先日「ボヘミアン・ラプソティ」と言うロックバンドのクイーンを題材にした映画を観ました。クイーンの楽曲に乗せて、彼らがどの様にして結成され、グループとして活動したのかが分かる自伝映画です。中でも最後にフレディがエイズにかかりなくなる前のライブエイドに出演したシーンが圧巻でした。映画という媒体での時間制約がある中、たくさんの楽曲が盛り込まれたため、ストーリーそのものに深みがある訳ではなかったのですが、バランス良くできた作品だと思います。彼らの全盛期は私が小学生だったため、その頃の彼らの活躍は知りませんでしたが、フレディが亡くなった時には世界的なニュースになったためよく覚えています。今クイーンの曲を聴いても、40年以上前に作られたとは思えないくらい新しい音に聞こえ驚きます。
 この映画の中で、根底に流れているものは家族愛だと感じました。メンバー同士ケンカをして仲違いし、しばらく離れることがあったとしても、最後に戻ってくる場所はクイーンと言う家族です。実際のフレディの家族やクイーンというバンドの描き方が、家族とは何かを伝えている様に思えるのです。

 「Irohaは家族だ。お父さんは大森シェフ。だからみんなで助け合ってやっていこう!」
ここ1年以上私が言い続けてきたことです。
インドの人たちは家族を大切にします。お父さんが故郷に帰ってこいと言うと仕事を置いて戻ります。列車に乗って2日かけて故郷に戻ることも珍しくないインドでは、一度帰ると10日から2週間仕事を休みます。そんな時はお互い様で、みんなでフォローしあって乗り切るのです。
と言うのも、自分がお休みするときには、他のスタッフたちがその分埋め合わせをするからです。自分の都合だけで働くのではなく、自分がみんなに世話になった分、他の時に助ける。そうやっていると、2年前までは人が辞めてばかりで人手不足だったのに、今はほとんど辞めるスタッフがいなくなりました。
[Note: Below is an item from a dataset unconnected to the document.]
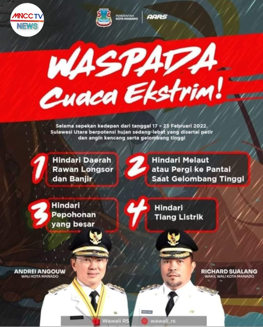 “Kami mengimbau masyarakat untuk tetap waspada, terutama bagi yang tinggal di daerah rawan banjir, tanah longsor, dan pohon tumbang. Pastikan saluran air tetap lancar dan hindari berteduh di bawah pohon saat hujan deras,” ujar Plt.Kepala Dinas Komunikasi dan Informatika (Kominfo) Kota Manado Erwin Kontu.

口先だけで家族と言っても、スタッフたちの心には響きません。新しい時代を担うリーダを育てると私がみんなに宣言したところから、場が変わったのです。リーダーを育てるのは口で言うほど簡単ではなりません。やってみると大変でしたが、とても楽しい作業だったということが初めてわかりました。

もう一つ映画の中で印象に残るシーンに、フレディが自らエイズに感染して余命短いことをバンドのメンバーに告白するところで「私が何者であるかは自分が決める(I decide who I am.)」と言うセリフがあります。彼が伝説となった所以がこの言葉にあるのだと思います。誰もやったことがないことに挑戦し続けたフレディは常に道を切り拓き、新しい世界を作り続けたのです。
時代の一歩先、いや半歩先ですら見極める目を持つことは簡単ではありません。メンバー同士の諍いや、新しい世界の楽曲を作る時の葛藤するシーンがそれを物語っています。しかし、その目を持っている自分なんだと信じて歩んでいると、大きな時代の波に乗るのです。
私たちにとって大切なのは、その時代の半歩先を見極める目と耳を持つこと。
「ボヘミアン・ラプソティ」に描かれたフレディはそんなことを教えてくれている気がしてなりません。
まだ観ていない人はぜひ映画館で鑑賞してみてください。